_TASK DETAILS_
Transcribe the data in full and exactly, omitting any pictures.

_EXERCISE DATA_
☆ ☆ ☆
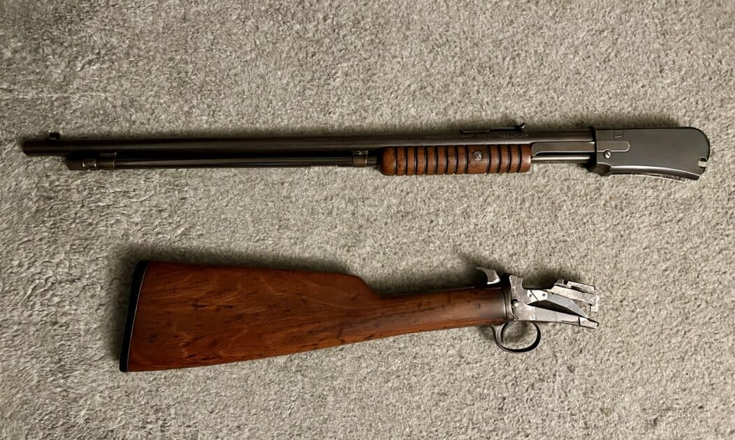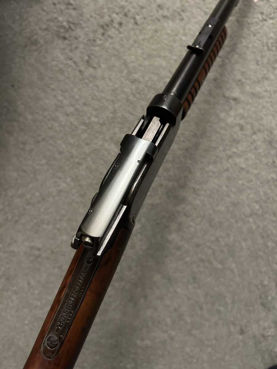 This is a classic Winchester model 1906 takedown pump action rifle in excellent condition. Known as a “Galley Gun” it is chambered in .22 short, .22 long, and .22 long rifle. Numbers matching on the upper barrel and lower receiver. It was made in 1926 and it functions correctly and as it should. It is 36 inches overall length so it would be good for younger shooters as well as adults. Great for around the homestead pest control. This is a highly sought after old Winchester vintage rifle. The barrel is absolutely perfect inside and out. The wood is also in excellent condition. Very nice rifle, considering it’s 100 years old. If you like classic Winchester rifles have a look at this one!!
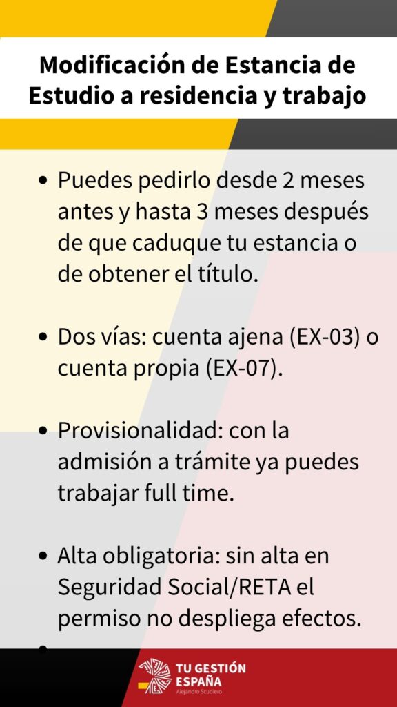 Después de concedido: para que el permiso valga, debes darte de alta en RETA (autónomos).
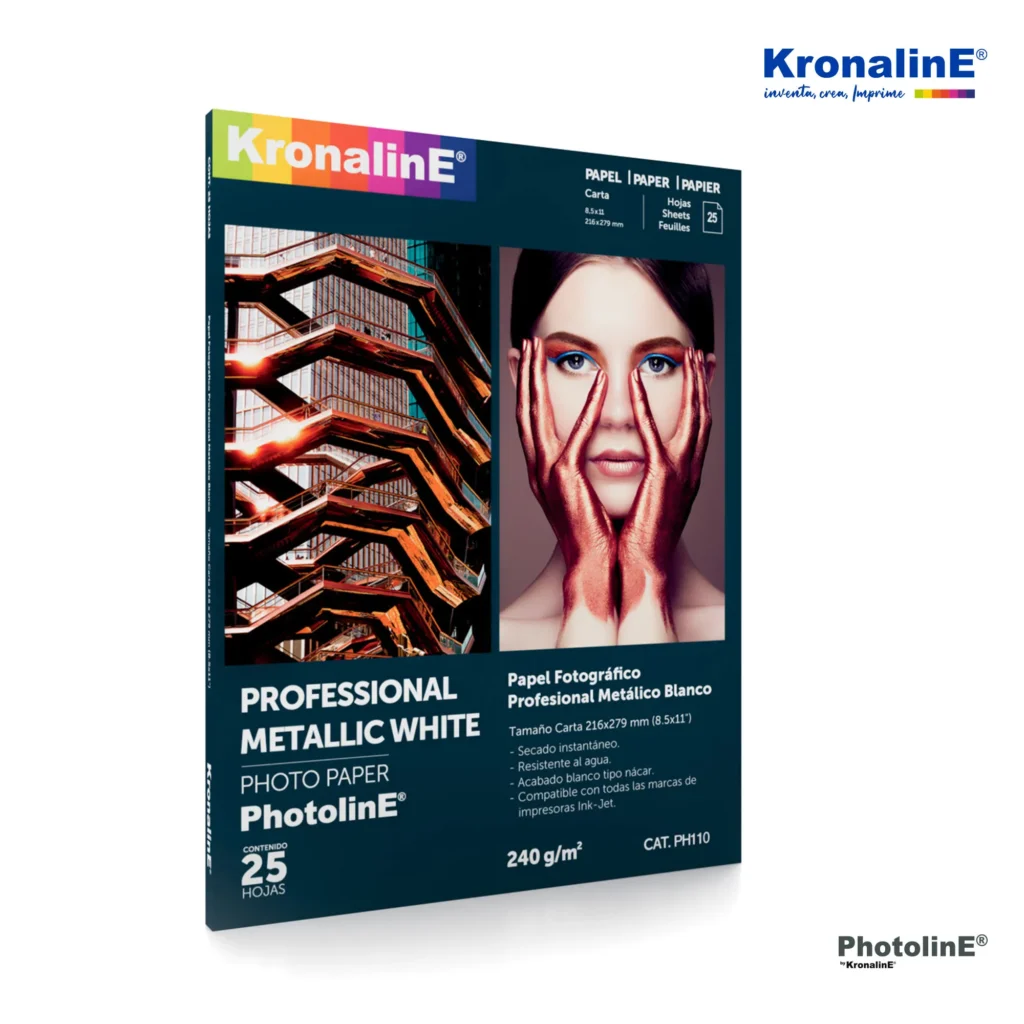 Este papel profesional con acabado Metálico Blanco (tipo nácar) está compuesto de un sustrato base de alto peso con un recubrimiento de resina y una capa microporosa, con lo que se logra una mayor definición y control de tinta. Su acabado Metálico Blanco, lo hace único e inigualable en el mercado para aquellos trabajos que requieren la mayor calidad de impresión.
☆ ☆ ☆
_WRITTEN RESPONSE_
 This is a classic Winchester model 1906 takedown pump action rifle in excellent condition. Known as a “Galley Gun” it is chambered in .22 short, .22 long, and .22 long rifle. Numbers matching on the upper barrel and lower receiver. It was made in 1926 and it functions correctly and as it should. It is 36 inches overall length so it would be good for younger shooters as well as adults. Great for around the homestead pest control. This is a highly sought after old Winchester vintage rifle. The barrel is absolutely perfect inside and out. The wood is also in excellent condition. Very nice rifle, considering it’s 100 years old. If you like classic Winchester rifles have a look at this one!!
 Después de concedido: para que el permiso valga, debes darte de alta en RETA (autónomos).
 Este papel profesional con acabado Metálico Blanco (tipo nácar) está compuesto de un sustrato base de alto peso con un recubrimiento de resina y una capa microporosa, con lo que se logra una mayor definición y control de tinta. Su acabado Metálico Blanco, lo hace único e inigualable en el mercado para aquellos trabajos que requieren la mayor calidad de impresión.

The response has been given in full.